7% versus -0. 1% for Diageo plc (DEO). On earnings-per-share growth, the picture is similar: Anheuser-Busch InBev SA/NV grew EPS 10. 0% year-over-year, compared to -38. 7% for Diageo plc. Over a 3-year CAGR, DEO leads at 9. 4% annualised revenue growth. Higher growth typically commands a higher valuation multiple — check whether the premium P/E or P/S is justified by the growth rate using the PEG ratio.
06Which has better profit margins — BUD or DEO?
Diageo plc (DEO) is the more profitable company, earning 11.
6% net margin versus 9. 8% for Anheuser-Busch InBev SA/NV — meaning it keeps 11. 6% of every revenue dollar as bottom-line profit. Operating margin tells a similar story: BUD leads at 25. 9% versus 21. 4% for DEO. At the gross margin level — before operating expenses — DEO leads at 60. 1%, reflecting greater pricing power or product mix advantage. Stronger margins indicate durable pricing power, lower cost of revenue, or higher mix of software/services. They are one of the clearest signs of business quality.

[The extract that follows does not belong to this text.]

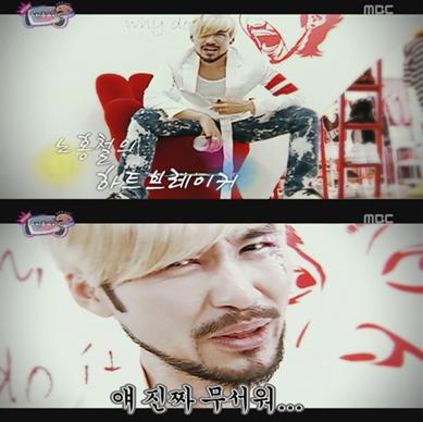 MBC무한도전 '무한 홈쇼핑'에서 노홍철이 빅뱅 지드래곤의 '하트브레이커'를 패러디해 무서운(?) 인상을 남겼다.

07Is BUD or DEO more undervalued right now?
On forward earnings alone, Diageo plc (DEO) trades at 17.
8x forward P/E versus 18. 8x for Anheuser-Busch InBev SA/NV — 1. 0x cheaper on a one-year earnings basis. Analyst consensus price targets imply the most upside for DEO: 48. 6% to $124. 00.
08Which pays a better dividend — BUD or DEO?
All stocks in this comparison pay dividends.
Diageo plc (DEO) offers the highest yield at 4. 9%, versus 1. 6% for Anheuser-Busch InBev SA/NV (BUD).
09Is BUD or DEO better for a retirement portfolio?
For long-horizon retirement investors, Anheuser-Busch InBev SA/NV (BUD) is the stronger choice — it scores higher on the combination of lower volatility, dividend reliability, and long-term compounding (low volatility (β 0.
28), 1. 6% yield). Both have compounded well over 10 years (BUD: -24. 5%, DEO: +10. 0%), confirming both are viable long-term holds — but the lower-volatility option typically results in less emotional selling during corrections. Retirement portfolios generally favour predictability over maximum returns. Consult a financial advisor before making allocation decisions.
10What are the main differences between BUD and DEO?
Both stocks operate in the Consumer Defensive sector, making this a peer-level intra-sector comparison — the same macro tailwinds and headwinds will affect both.
In terms of investment character: BUD is a mid-cap quality compounder stock; DEO is a mid-cap income-oriented stock. These fundamental differences mean investors should not choose between them on a single metric — the "better stock" depends entirely on which of these characteristics aligns with your investment strategy.